Extracting Your Data from the AudioBoo API


Earlier this week, I wrote about the Future of AudioBoo. I'm sure the service is going to be just fine - but thought it would be an interesting exercise to liberate my data from there just in case.

As I begin the move to decentralised services where possible, I think it's important that I take responsibility for my own data.

The API docs for AudioBoo are very clear, so here's a quick guide on how to download all you Boos and (most of) their data.

Get All Your Boos

The AudioBoo API - unlike some - doesn't require any authentication. It also doesn't restrict you to only downloading your own data. So, if you want to swim in Stephen Fry's vocal delights, go right ahead!

The API call is very simple:

http://api.audioboo.fm/audio_clips?
   username=edent&
   page[items]=150&
   page[number]=1

You can grab up to 150 items at a time. To move the the next page of items, change the "page[number]=" to 2 - and so on.

Examining The Data

Each page of data starts with something similar to:

{"window":60,
"version":200,
"timestamp":1365710614,
"body":{
    "totals":{
	"count":64,
	"offset":0
    },
    "audio_clips":[....]

This tells us how many Boos there are (in my case, 64) and - if we're no longer on page 1 - which number Boo to start with.

The Boo's Data

Boos are presented in reverse chronological order - the most recent first.
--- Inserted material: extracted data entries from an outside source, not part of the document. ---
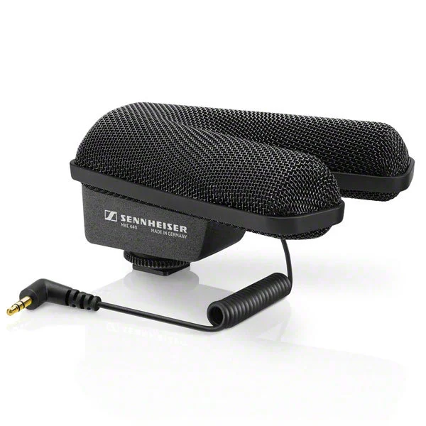 Sennheiser | 506258 | Microphone stéréo directionnel | MKE 440 | microphone stéréo pour appareil photo | condensateur | 2x super cardioïde | griffe porte-accessoires | câble avec prise jack 3,5 mm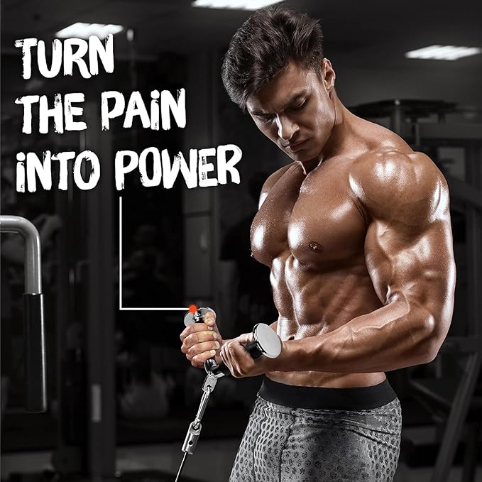 • RUBBER, ANTI-SLIP HANDLE AND FLAT KNOBS: The textured knurling handles on this tricep pull down attachment ensure a strong, firm grip, while the chrome finish minimize corrosion and rust for any straight bar or tricep v bar cable attachment.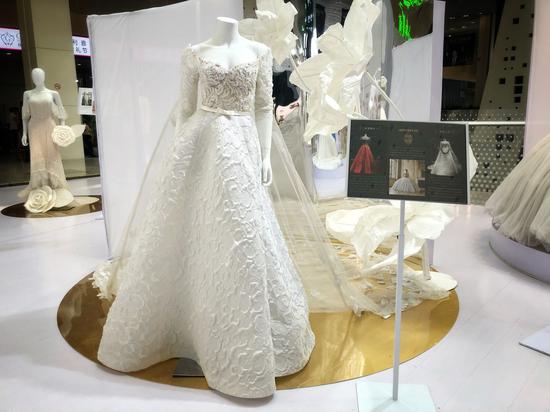 端午假期,上海浦東世博展覽館里熱鬧非凡,館內匯集了時尚婚紗禮服品牌的精品店GK BRIDAL、婚紗禮服品牌集合店Top Bridal、臺灣設計師品牌WTC及設計師品牌Movous Couture等多個高定婚紗品牌,陳列了包括The Atelier聯合著名鞋履設計師Jimmy Choo參與設計的婚紗,素有“侈奢禮服鼻祖”之稱的Zuhair Murad的高定禮服、SAIID KOBEISY的婚紗及Mikael D的20件精美絕倫的婚紗,其中,中國高定時裝設計師勞倫斯·許帶來的張歆藝結婚時所穿的兩套共價值百萬的白紗以及改良中式嫁衣,還有曾驚艷巴黎高定婚紗大秀,被譽為“全球最美婚紗”的作品《盛世白蓮》更是吸引了眾多新人駐足觀賞,拍照留戀。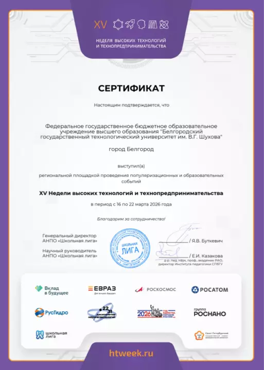 В рамках Недели на базе кафедры материаловедения и технологии материалов и Научно-инновационного образовательного центра ИНО и ОПЦ НКМ БГТУ им. В.Г. Шухова будут проведены мероприятия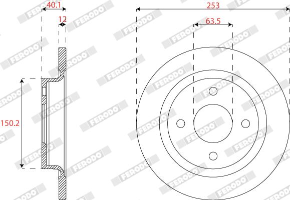 FERODO Bremsscheibe DDF2822C hinten rechts links voll 253mm für FORD H1BC2A315AB 2096336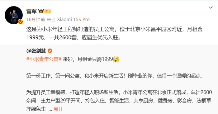 雷军:小米为年轻工程师打造员工公寓,位于北京小米昌平园区附近,月租金1999元 每日经济新闻 每日经济新闻官方账号 2025.07.0113:45 关注 每经AI快讯,7月1日,雷军官方微博发文称小米为年轻工程师打造员工公寓,位于北京小米昌平园区附近,月租金1999元,一共2600套,应届生优先入驻。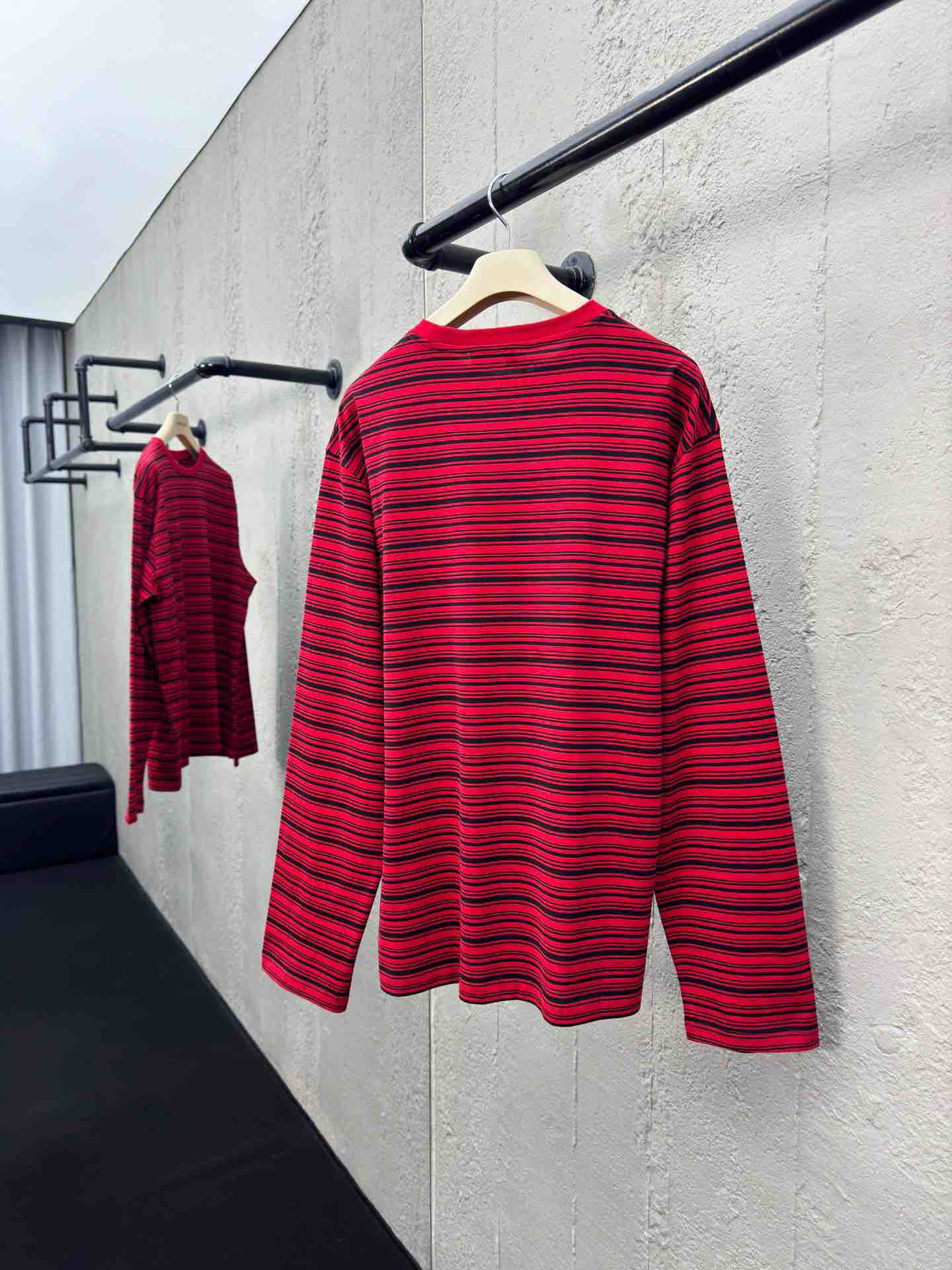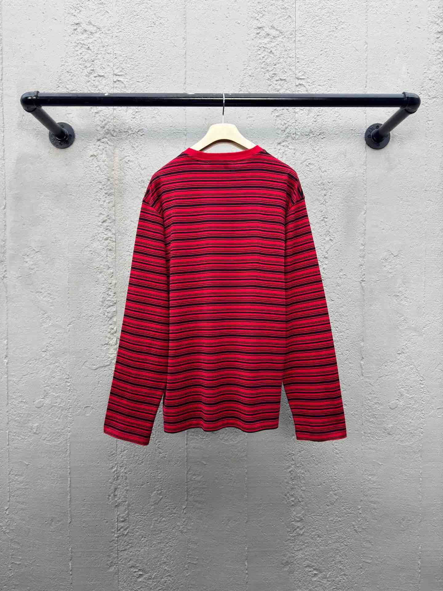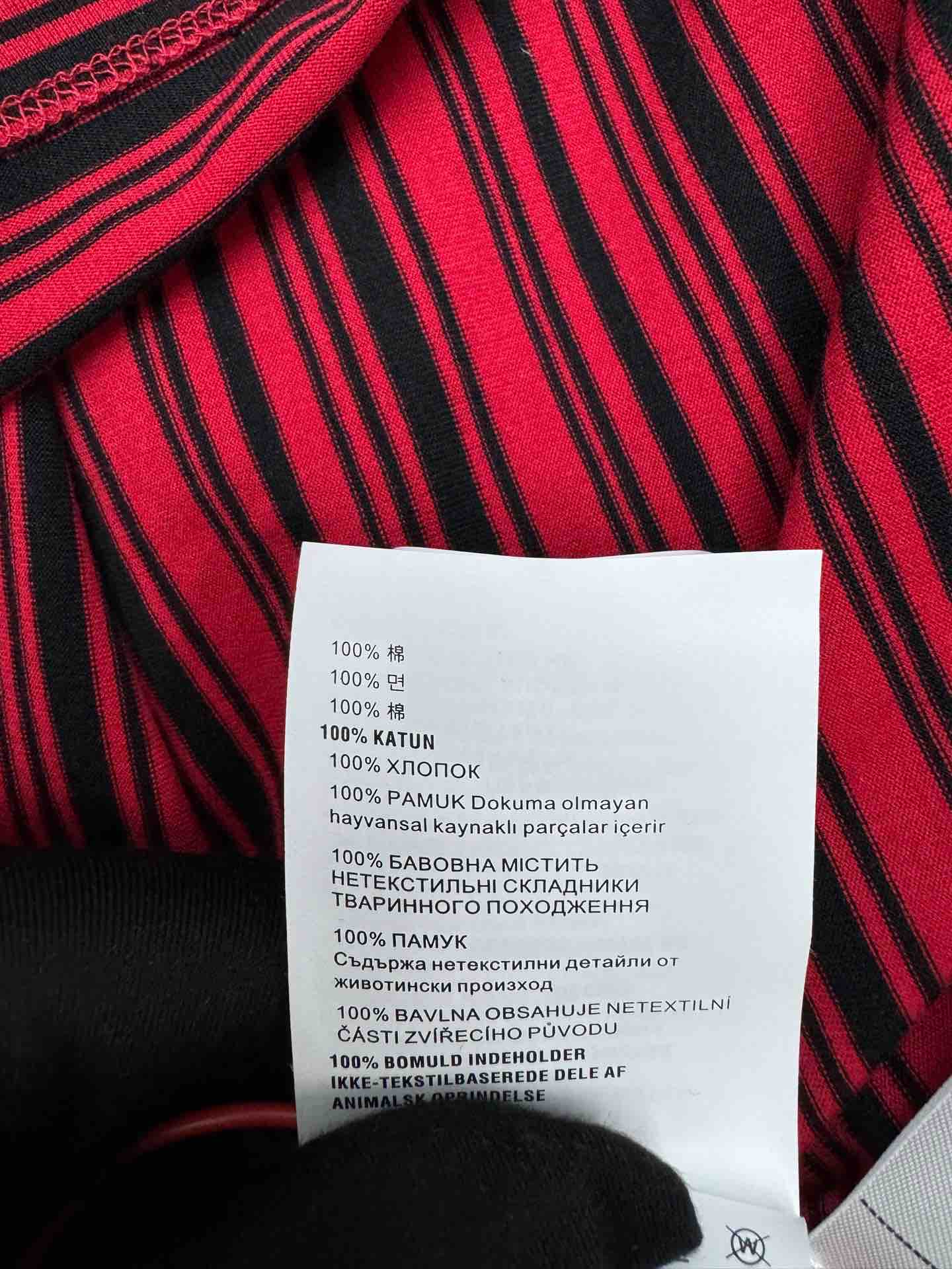 工艺说明:定制奢华60支双股高密条纹纹 全幅以炽热之红与沉稳之黑相碰撞 微妙的光影变化 动感十足 胸前口袋饰以品牌标志作点睛之笔 砂轮打磨技术 处理衣物领口边缘的精细工艺 通过使用专业的砂轮工具对领口进行精细的磨削和打磨 使领口边缘变得光滑且具有细腻的纹理,整体走线平直细腻,面料舒适柔软,颜色一致无色差 能与同款搭配营造时尚造型,驾驭各种场合,定制辅料,三标齐全,男女同款!
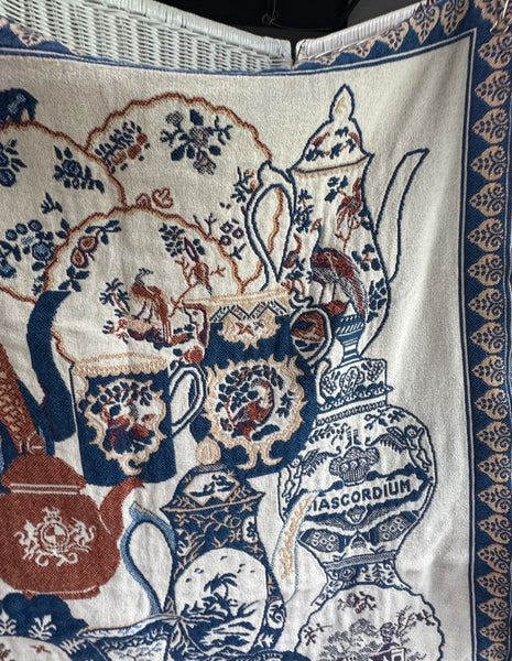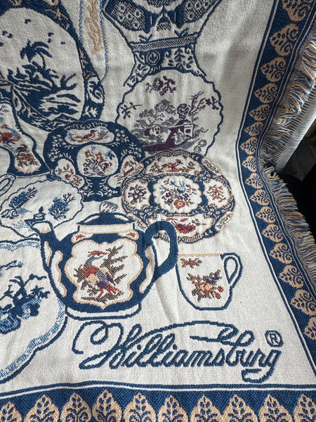 (C) Goodwin Weavers Colonial Williamsburg Floral Teapot Tapestry Style Fringed Blanket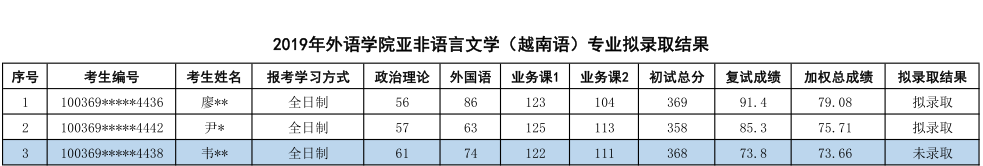 2019年对外经济贸易大学亚非语言文学(越南语方向)专业硕士研究生拟录取名单
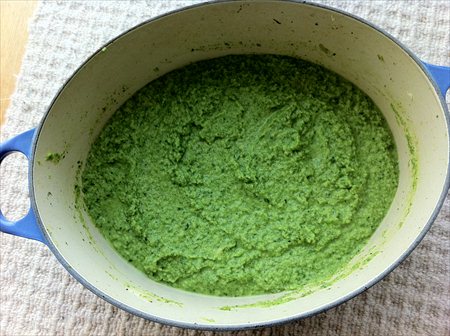 9. Allow to cool slightly and then take to the soup with a stick blender, judiciously blending until the soup is smooth.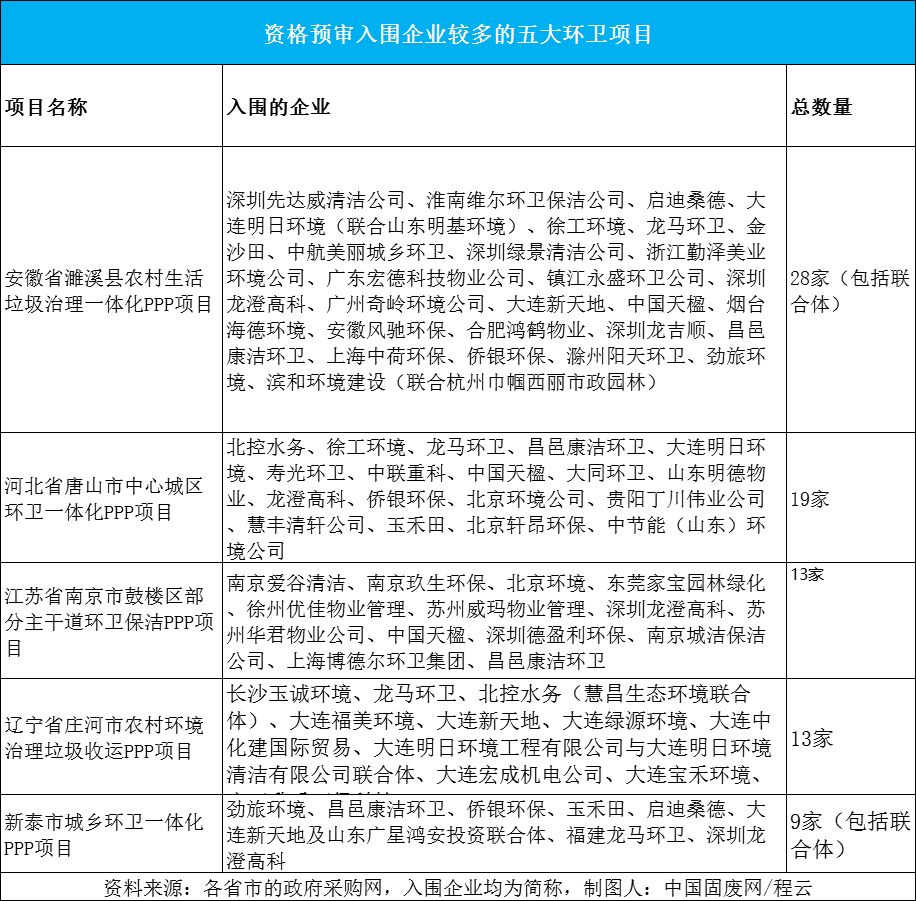 殊不知開年以來,不少環(huán)衛(wèi)項(xiàng)目資格預(yù)審入圍企業(yè)均超過13家(如下圖),5月11日中國政府采購網(wǎng)公布的安徽淮北市濉溪縣農(nóng)村垃圾治理項(xiàng)目,入圍企業(yè)高達(dá)26家,其中2家為聯(lián)合體投標(biāo)。不少業(yè)內(nèi)人士表示如此強(qiáng)大的競爭陣容實(shí)屬罕見,可見競爭激烈程度已達(dá)到白熱化,一年勝似一年。

Here is what an individual Boo's JSON looks like - it's fairly simple and self explanatory.

{
"id":363171,
"title":"QR Codes at OpenTech",
"user":{
    "id":2861,
    "username":"edent",
    "counts":{
	"audio_clips":64,
	"followers":20,
	"followings":8
    },
    "urls":{
	"profile":"http://audioboo.fm/edent",
	"image":"http://www.gravatar.com/avatar/a4c65091cd258c86e6187eaaed4ef939?default=http%3A%2F%2Fd15mj6e6qmt1na.cloudfront.net%2Fassets%2Favatar_green-a51f577eaf0b191acb694b5ec3c733dc.gif"
    }
},
"duration":1173.53,
"mp3_filesize":9388160,
"uploaded_at":"2011-05-21T21:23:09Z",
"recorded_at":"2011-05-21T21:23:09Z",
"location":{
    "description":"City of London, Camden Town, United Kingdom",
    "longitude":-0.131275,
    "latitude":51.5226,
    "accuracy":29.6755
},
"counts":{
    "comments":1,
    "plays":133
},
"urls":{
    "detail":"http://audioboo.fm/boos/363171-qr-codes-at-opentech",
    "high_mp3":"http://audioboo.fm/boos/363171-qr-codes-at-opentech.mp3",
    "image":"http://audioboo.fm/files/images/0120/4984/Twitter_Search.png"
},
"tags":[
    {
	"display_tag":"edent",
	"normalised_tag":"edent",
	"url":"http://audioboo.fm/tag/edent"
    },
    {
	"display_tag":"open data",
	"normalised_tag":"opendata",
	"url":"http://audioboo.fm/tag/opendata"
    }
    ]
}

The two fields which we're probably most interested in are "high_mp3" which gives you the URL to a high quality MP3 recording, and "image" which contains the picture you associated with the Boo. As you can see - the data is fairly comprehensive. Perhaps the only thing it is missing are the comments. You get told the number of comments left, but not their content.

Parsing The Data

Once you've called the API and got a response, it's trivial to extract your data for use.

<?php
$json = json_decode($string,true);
$audio = $json["body"]["audio_clips"];

foreach ($audio as $key)
{
    $mp3 = $key["urls"]["high_mp3"];
    $image = $key["urls"]["image"];
    // Do Something...
}

Personally, I wrote the URLs to a file, then used wget to download all the mp3s and images. You could also write the data to CSV or something similar and then import it into WordPress (or your blogging platform of choice).

Limitations

Perhaps the only minor downside is that the files are MP3s. I thought that AudioBoo stored them as FLAC. That said, MP3s are more than adequate for voice recordings. They also have fully comprehensive ID3 tags. The lack of comments is a little sad - but my Boos never quite garnered enough interest to attract much attention.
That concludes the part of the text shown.